==== PROVIDED MATERIAL

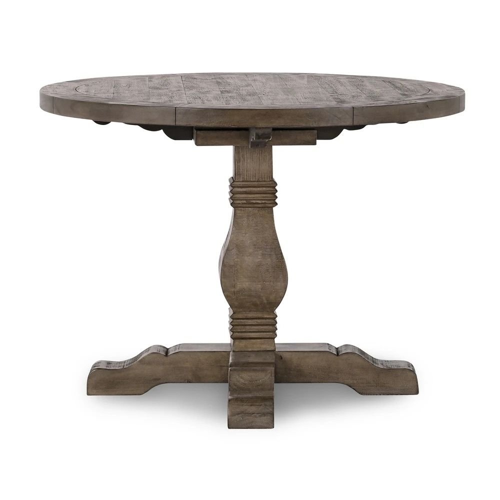 Solid wood round farmhouse dining table with pedestal base and weathered brown finish – Modera Furnish
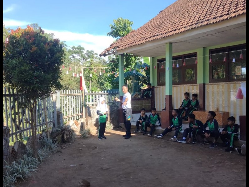 Siswa - Siswi Kelas V SDN 3 CAMPOAN Mengikuti Materi Tolak Peluru Secara Teori Dan Praktek
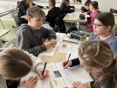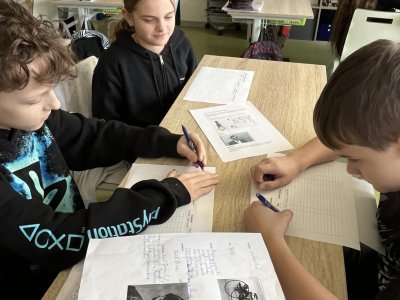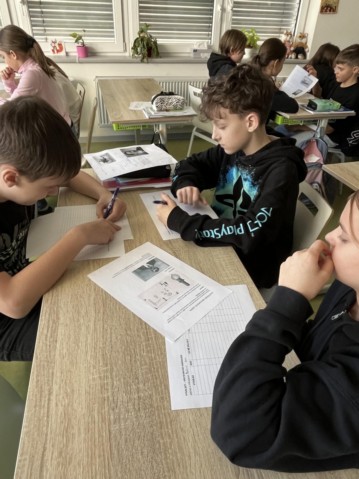 Žáci si v hodině vlastivědy předávali získané informace o vybraném vynálezu a podle stanovených kritérií vzájemně svou prezentaci hodnotili:)

========

◆ INSTRUCTIONS FOR THE TASK
Every line above gets copied exactly; none of the pictures do.

◆ FINISHED EXERCISE
 Solid wood round farmhouse dining table with pedestal base and weathered brown finish – Modera Furnish
 Siswa - Siswi Kelas V SDN 3 CAMPOAN Mengikuti Materi Tolak Peluru Secara Teori Dan Praktek
 Žáci si v hodině vlastivědy předávali získané informace o vybraném vynálezu a podle stanovených kritérií vzájemně svou prezentaci hodnotili:)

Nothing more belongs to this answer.